**Operators** in a programming language are certain tokens or symbols that perform specific operations on the arguments supplied. The arguments are known as **operands**. These operations are usually arithmetic or logical in nature. R supports various operators across different categories.

## R Operators Classification

We can classify R operators into the following categories.

- Arithmetic
- Relational
- Logical
- Assignment
- Special operators

## 1. Arithmetic Operators in R

These are the operators that perform basic arithmetic operations like addition, subtraction, multiplication, and division. In addition, there are also operators for modulus and exponentiation.

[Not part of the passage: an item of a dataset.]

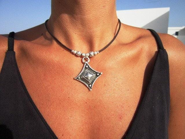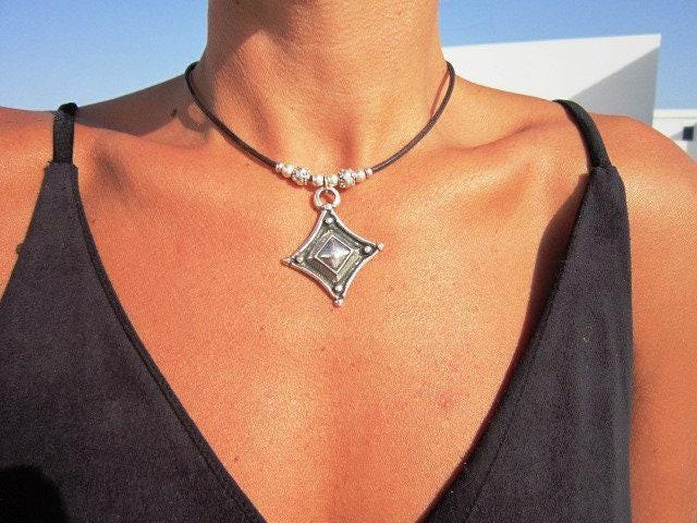 ♥ This Statement leather and silver beaded pendant necklace is part of our best selling items, a perfect blend of timeless style handmade jewelry. Silver necklaces for women made to size to match your style. Designed as a delicate charm necklace, a layered pendant necklace or a bold Couples necklace, it’s available in multiple lengths to match your style. at KEKUGI you can find pendant necklaces, beaded necklaces, charm necklaces, choker necklaces, multi-strand layered necklaces and lariat & Y necklaces, unique bohemian jewelry Best selling items designs.

These operators work on both single variables and vectors. The use of these operators is straightforward.

The following code snippet will help you gain an understanding of these operators.

```
#Mathemetical operations in single numeric values.
> a=2
> b=4
#Addition -- Operator +
> a+b
[1] 6
#Subtraction -- Operator -
> b-a
[1] 2
#Multiplication -- Operator *
> a*b
[1] 8
#Division -- Operator /
> b/a
[1] 2
```

Similarly, we also have operators for exponentiation `^`

and modulo `%%`

. These are illustrated below. The modulo operator gives the remainder of a division operation.

```
#Modulo Operator - %%
> x=10
> y=4
> z=x%%y
> z
[1] 2
#Exponentiation Operator - ^
> w=x^y
> w
[1] 10000
```

These operators also work on a vector level. Addition, subtraction and other operations work on an element by element level. This is illustrated in the code below.

```
#Define 2 vectors
> vec1=c(2,3,5,1,4)
> vec2=c(3,4,5,1,7)
#Addition to two vectors
> vec1+vec2
[1] 5 7 10 2 11
#Subtraction of two vectors
> vec1-vec2
[1] -1 -1 0 0 -3
#Multiplication of two vectors
> vec1*vec2
[1] 6 12 25 1 28
#Division of two vectors
> vec1/vec2
[1] 0.6666667 0.7500000 1.0000000 1.0000000 0.5714286
#Exponentiation of a vector using integer
> vec1^2
[1] 4 9 25 1 16
#Element-wise exponentiation
> vec1^vec2
[1] 8 81 3125 1 16384
```

## 2. Relational Operators in R

These are used to compare two numbers or two vectors. The main relational operators are **greater than** (`>`

) , **less tha**n (`<`

) and **equal to** (`==`

).

There are other compound operators **greater than or equal to** (`>=`

) and **less than or equal to**(`<=`

). The output of these operators is a Boolean value, TRUE or FALSE. These are illustrated in the given code snippet.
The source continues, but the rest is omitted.